Penso che i tentativi poderosi in corso, con dotazione di centinaia di miliardi, di resuscitare un illusorio “patto tra i produttori”, quello che riprendere la produzione “come prima” è un mutuo vantaggio di capitalisti e lavoratori, sia già fallito. E non solo perché la pandemia ha eroso a fondo i meccanismi del valore, e del mercato, di certo nelle dimensioni che avevano nella “normalità” (il turismo di massa, per esempio, nel quale tutte le singole componenti, dai redditi medi dei potenziali turisti al low cost dei viaggi, fino alla sopportabilità dell’invasione delle città-bersaglio, sono crollati tutti insieme) ma più in profondo nel senso stesso e nella possibilità dello sfruttamento senza limiti delle “risorse” naturali, ciò che sta provocando l’apocalisse del riscaldamento climatico e l’invasione di nuovi virus ecc.

Ma il fatto è che appunto lo Stato, quarant’anni dopo la sua riduzione – diceva il subcomandante Marcos a metà anni Novanta – a “guardiano” armato del Mercato, ha un deficit drammatico prima di tutto di cultura, di visione del mondo.
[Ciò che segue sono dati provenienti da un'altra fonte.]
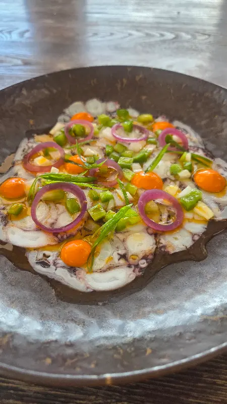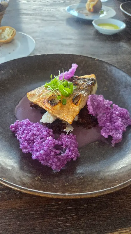 비눔 레스토랑에서는 굴, 고기, 아뮤즈 부쉬, 빵 등 다양한 메뉴를 맛볼 수 있습니다. 굴은 신선하고 맛있었고, 다른 요리들도 훌륭했지만, 포르투에 왔다면 해산물 요리를 더욱 추천합니다. 채식 메뉴도 준비되어 있어, 다양한 취향을 가진 사람들이 함께 즐길 수 있다는 점도 매력적입니다. 생일 저녁 식사를 위해 이곳을 예약했는데, 전반적으로 매우 만족스러웠습니다. 홈메이드 빵부터 음식 하나하나에 정성이 느껴졌고, 와인과의 궁합도 환상적이었습니다. 직원들의 친절하고 유쾌한 서비스 덕분에 더욱 즐거운 저녁 식사를 할 수 있었습니다. 디저트 또한 훌륭하여, 마지막까지 완벽한 마무리를 선사했습니다.
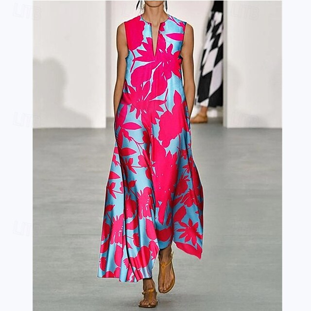 Women's Maxi Dress A Line Dress Summer Dress Vacation Casual Boho Daily Holiday Loose Fit Floral Graphic Sleeveless V Neck Pink Blue Orange Summer 11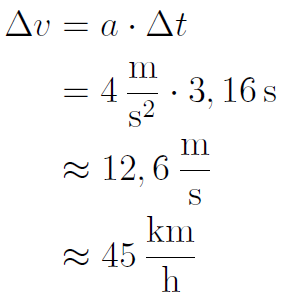 Nun muss die Geschwindigkeit nach 3,16 s berechnet werden: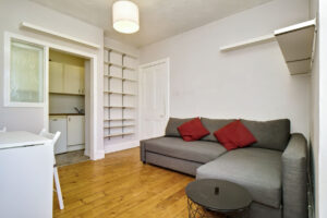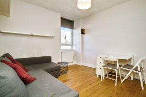 The interiors feature a well looked after communal hallway leading up to the top floor. The accommodation is presented to the market in move-in condition. The entire space has been recently refreshed with a crisp coat of paint throughout. The entrance hall has an abundance of storage space and provides access to all rooms. Upon entry, the shower room is straight ahead with the bedroom on the left hand-side, and the lounge and kitchen on the right.

I politici sono tutti mediocri aggiustatori di ciò che non può essere aggiustato. Viceversa, l’”eroismo” degli operatori di una sanità mandata in trincea senza armi né elmetti né comandanti con una visione strategica, l’auto-aiuto di milioni di persone, che hanno organizzato la distribuzione di cibo per chi era stato escluso, lo “scarto”, le reti virtuali di scambio culturale, foss’anche un quartetto d’archi che si esercitava attraverso internet, la dedizione a distanza di tanti insegnanti e maestri, insomma tutto quel che è avvenuto “nel mezzo”, tra i comandi statali e le ingiunzioni dei padroni a riprendere subito il lavoro (come è accaduto in Val Seriana), suggerisce che queste e moltissime altre “oasi” ‒ come dice Bonomi ‒ potrebbero diventare un reticolo, forse una coscienza comune, alla fine una nuova forma di “potere pubblico”.

Ha ragione Revelli a dire che tutto questo è debole, disperso: ma cos’altro abbiamo? L’alternativa è il disastro, l’apocalisse, nemmeno un mondo dittatoriale in cui i grandi poteri dettano obbedienza e disciplina, perché il caos è più grande di loro, ormai.